There are moments in life when everything shifts—or better, when you realize they have already shifted.
One of these moments happened to me recently when I realized something profound. I realized something for which I had spent most of my life searching. I looked up one day and noticed that I am happy.
You see, I never expected to be happy—truly, deeply, profoundly happy. Kids like me don’t get to grow up and be happy. And yet here I am…happy.
In those moments there is only one response. Gratitude.
It percolates within. Joyful tears sting the corner of my eyes, or sometimes smiles overflow the corners of my cheeks. Beneath lies the bedrock of peace and the realization that I am loved, I am supported and that I will be okay.
2013 hasn’t been without its struggles, pain and grief (like any year). But I have learned, if you don’t stop to be present for the moments of happiness, they slip away; and you find yourself looking up in the moments of disappointment and confusion, wondering why life is so unhappy.

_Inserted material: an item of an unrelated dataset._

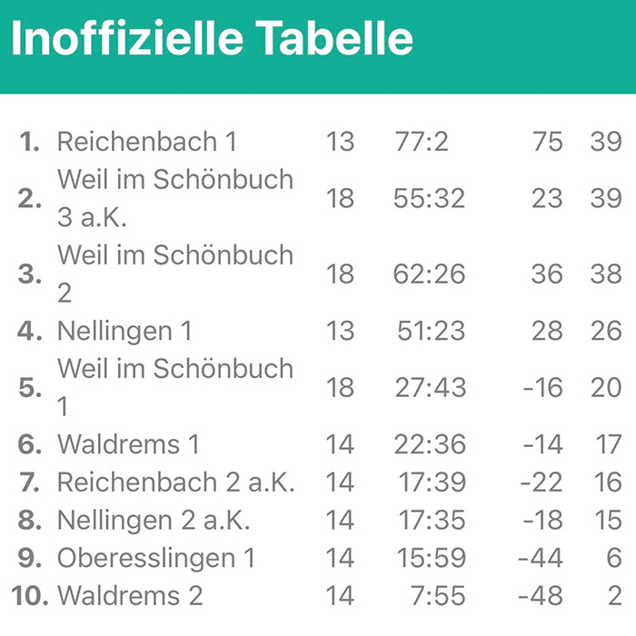 Weil3 a.K. (Mika Holzmüller & Max Schütz) konnte gegen Weil1 (3:1), Oberesslingen1 (2:0), Waldrems1 (5:0) und Waldrems2 (3:0) ebenfalls überzeugen und unterlag Weil2 nur knapp mit 1:3. Damit endet für Mika und Max als „außer Konkurrenz“-Team die laufende U13-Saison mit 55:32 Treffern und aktuell punktgleich mit 39 Zählern mit dem Spitzenreiter Reichenbach1 auf Rang 2 der inoffiziellen Tabelle (incl. a.K.-Teams). Nur Nellingen1 könnte ihnen den zweiten Rang noch streitig machen.

Maybe it’s not that life is so unhappy or unfulfilled, but that you have just failed to notice the moments of happiness that fill it.
My wish for you in 2014
My wish for you in 2014 is that you will find the deep, “toes curling in the warm sand” kind of happiness that you so desire. More importantly, I pray that you recognize that it has been there all along, and you will take the time to reach out and grasp it.
Where can you find happiness in the coming year?